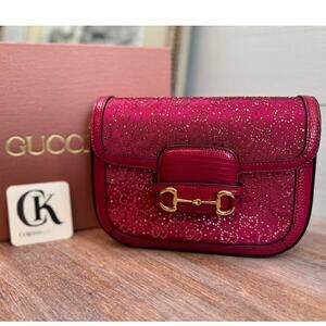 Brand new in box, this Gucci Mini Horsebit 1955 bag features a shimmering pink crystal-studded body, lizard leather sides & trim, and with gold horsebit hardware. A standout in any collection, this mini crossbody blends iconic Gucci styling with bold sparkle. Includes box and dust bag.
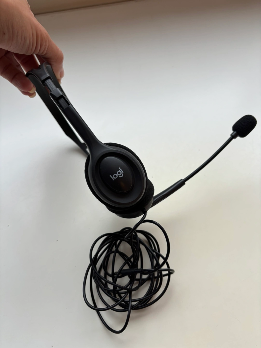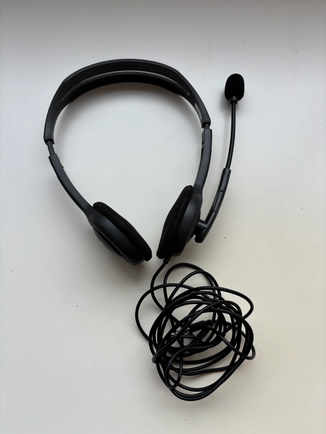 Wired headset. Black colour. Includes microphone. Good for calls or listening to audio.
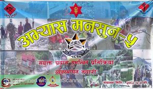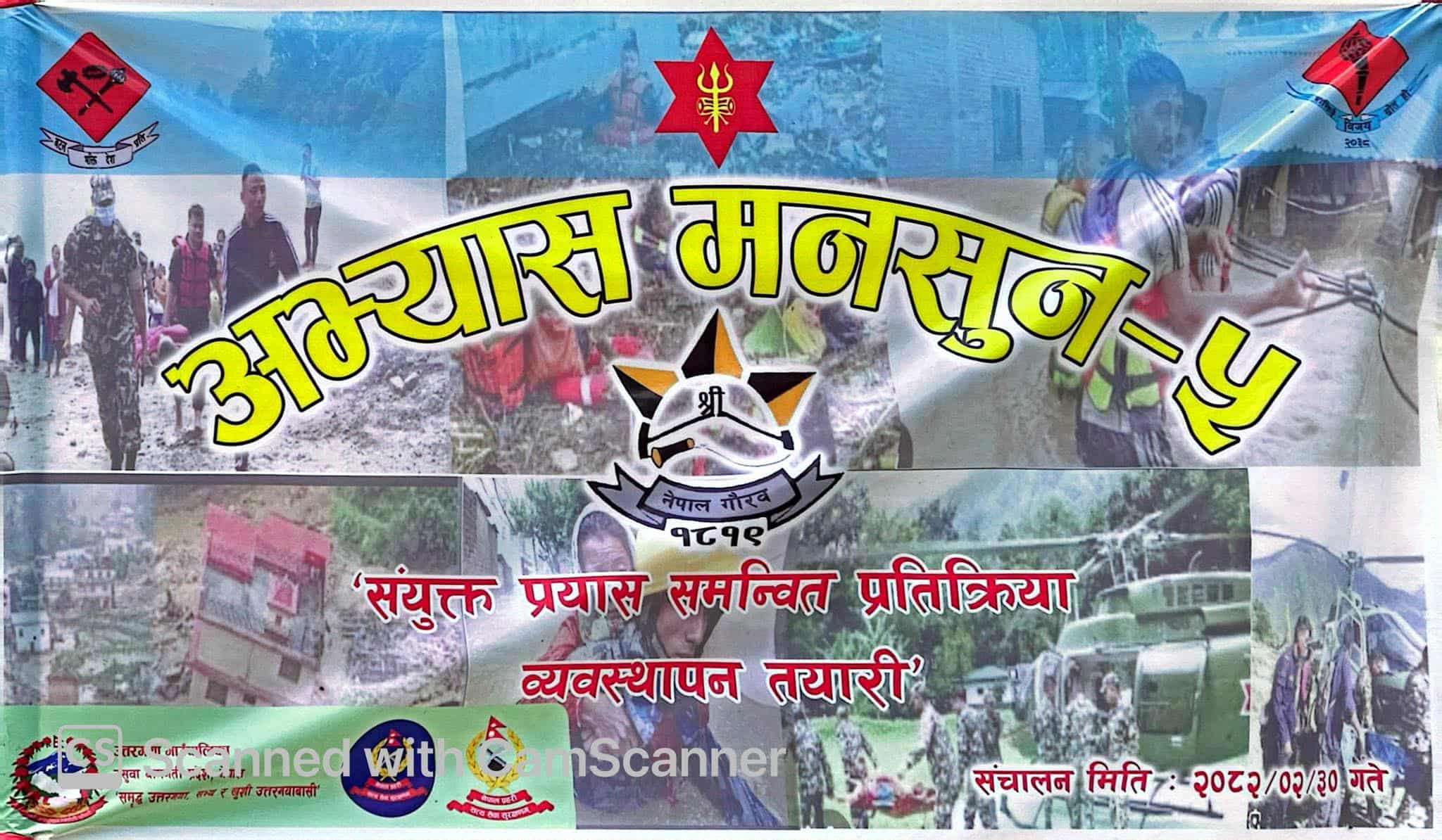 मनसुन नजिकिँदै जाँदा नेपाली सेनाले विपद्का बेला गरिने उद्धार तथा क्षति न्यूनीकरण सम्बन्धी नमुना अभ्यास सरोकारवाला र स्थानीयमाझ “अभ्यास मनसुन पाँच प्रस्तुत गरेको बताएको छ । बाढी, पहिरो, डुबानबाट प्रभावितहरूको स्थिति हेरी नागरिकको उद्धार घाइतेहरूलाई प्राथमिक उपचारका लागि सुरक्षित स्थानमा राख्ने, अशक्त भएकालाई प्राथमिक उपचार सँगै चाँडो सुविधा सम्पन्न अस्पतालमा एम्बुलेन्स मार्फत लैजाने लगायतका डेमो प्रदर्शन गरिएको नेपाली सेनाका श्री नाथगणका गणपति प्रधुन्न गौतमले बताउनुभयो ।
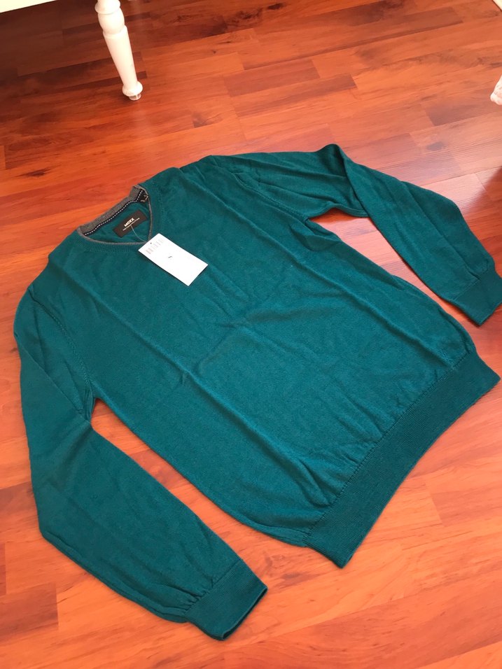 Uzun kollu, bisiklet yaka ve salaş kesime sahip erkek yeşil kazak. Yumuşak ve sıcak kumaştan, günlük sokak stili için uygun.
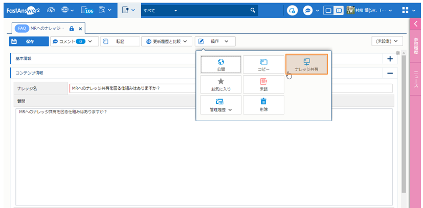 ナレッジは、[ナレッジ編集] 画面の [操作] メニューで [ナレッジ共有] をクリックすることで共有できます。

-----

__Aim of the task__
The copy should run from the first line of the material above through the line with "Uzun kollu, bisiklet", repeated exactly and without pictures.

__Written response__
 Brand new in box, this Gucci Mini Horsebit 1955 bag features a shimmering pink crystal-studded body, lizard leather sides & trim, and with gold horsebit hardware. A standout in any collection, this mini crossbody blends iconic Gucci styling with bold sparkle. Includes box and dust bag.
 Wired headset. Black colour. Includes microphone. Good for calls or listening to audio.
 मनसुन नजिकिँदै जाँदा नेपाली सेनाले विपद्का बेला गरिने उद्धार तथा क्षति न्यूनीकरण सम्बन्धी नमुना अभ्यास सरोकारवाला र स्थानीयमाझ “अभ्यास मनसुन पाँच प्रस्तुत गरेको बताएको छ । बाढी, पहिरो, डुबानबाट प्रभावितहरूको स्थिति हेरी नागरिकको उद्धार घाइतेहरूलाई प्राथमिक उपचारका लागि सुरक्षित स्थानमा राख्ने, अशक्त भएकालाई प्राथमिक उपचार सँगै चाँडो सुविधा सम्पन्न अस्पतालमा एम्बुलेन्स मार्फत लैजाने लगायतका डेमो प्रदर्शन गरिएको नेपाली सेनाका श्री नाथगणका गणपति प्रधुन्न गौतमले बताउनुभयो ।
 Uzun kollu, bisiklet yaka ve salaş kesime sahip erkek yeşil kazak. Yumuşak ve sıcak kumaştan, günlük sokak stili için uygun.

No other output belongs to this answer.